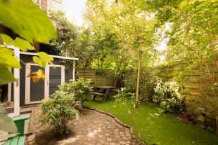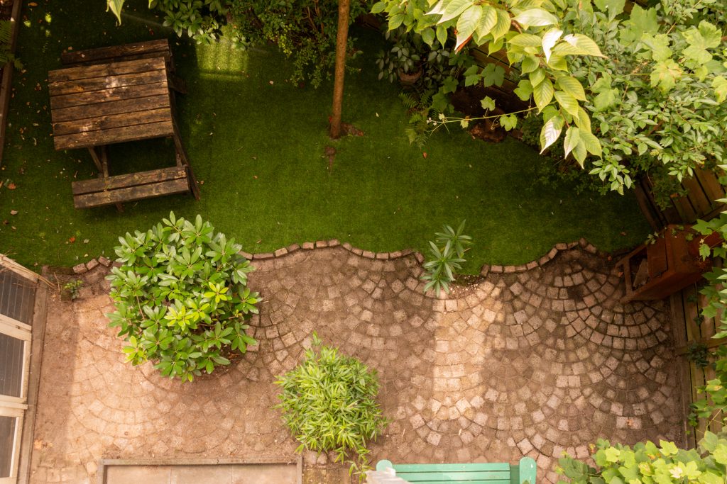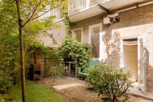 Achter de woning ligt een beschutte, zonnige tuin van ca. 40 m², gelegen op het zuiden. Dankzij de volwassen begroeiing en het niveauverschil met de straat biedt de tuin veel privacy en een groene ambiance. De tuin is vanuit meerdere vertrekken in het souterrain toegankelijk (momenteel via één kamer, met mogelijkheid om een tuindeur te maken vanuit de tweede werkkamer), wat zorgt voor een natuurlijke verbinding tussen binnen en buiten.
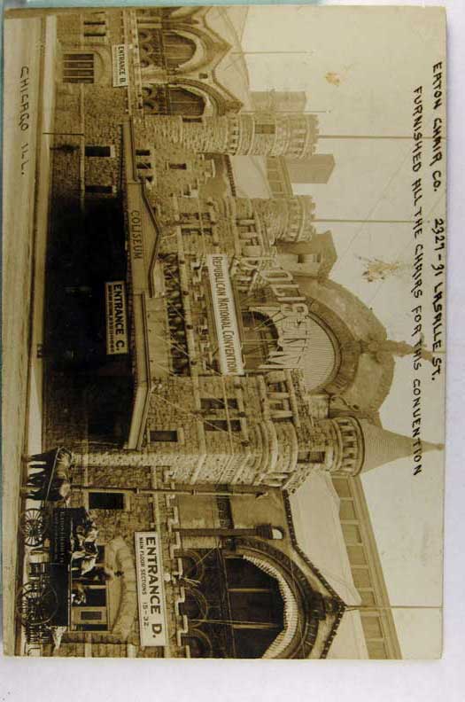 Lot #65. View Larger | Rotate Adv. Eaton Chair Co., Real Photo, w/ 1908 Republican Convention, Chicago, IL m sts Near VF
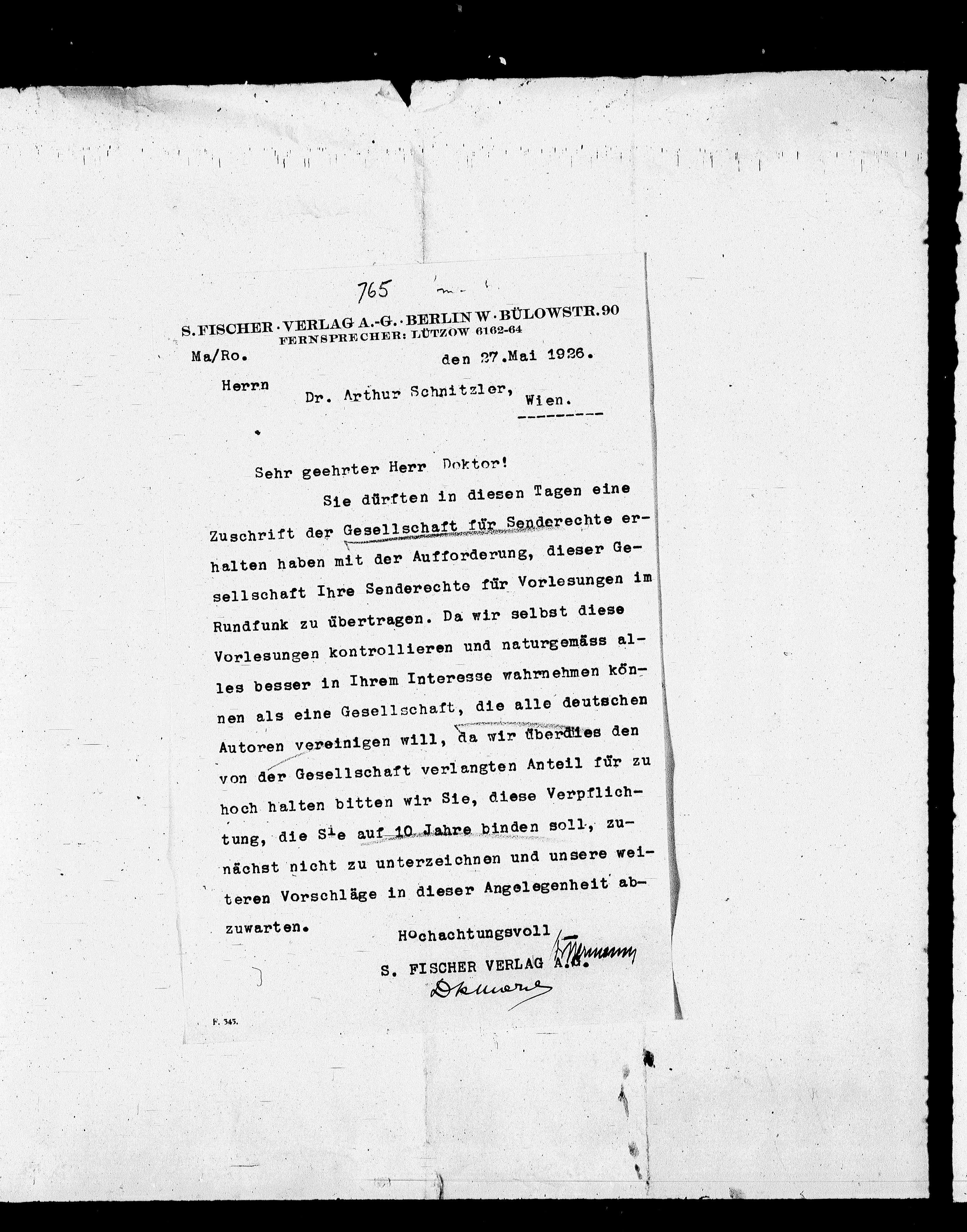 S.FISCHER.VERLAG A.-G. BERLIN W BÜLowSTR. 90

───

TASK DETAILS: Apart from the images, reproduce the listing exactly as it appears.

EXERCISE OUTPUT:
 Achter de woning ligt een beschutte, zonnige tuin van ca. 40 m², gelegen op het zuiden. Dankzij de volwassen begroeiing en het niveauverschil met de straat biedt de tuin veel privacy en een groene ambiance. De tuin is vanuit meerdere vertrekken in het souterrain toegankelijk (momenteel via één kamer, met mogelijkheid om een tuindeur te maken vanuit de tweede werkkamer), wat zorgt voor een natuurlijke verbinding tussen binnen en buiten.
 Lot #65. View Larger | Rotate Adv. Eaton Chair Co., Real Photo, w/ 1908 Republican Convention, Chicago, IL m sts Near VF
 S.FISCHER.VERLAG A.-G. BERLIN W BÜLowSTR. 90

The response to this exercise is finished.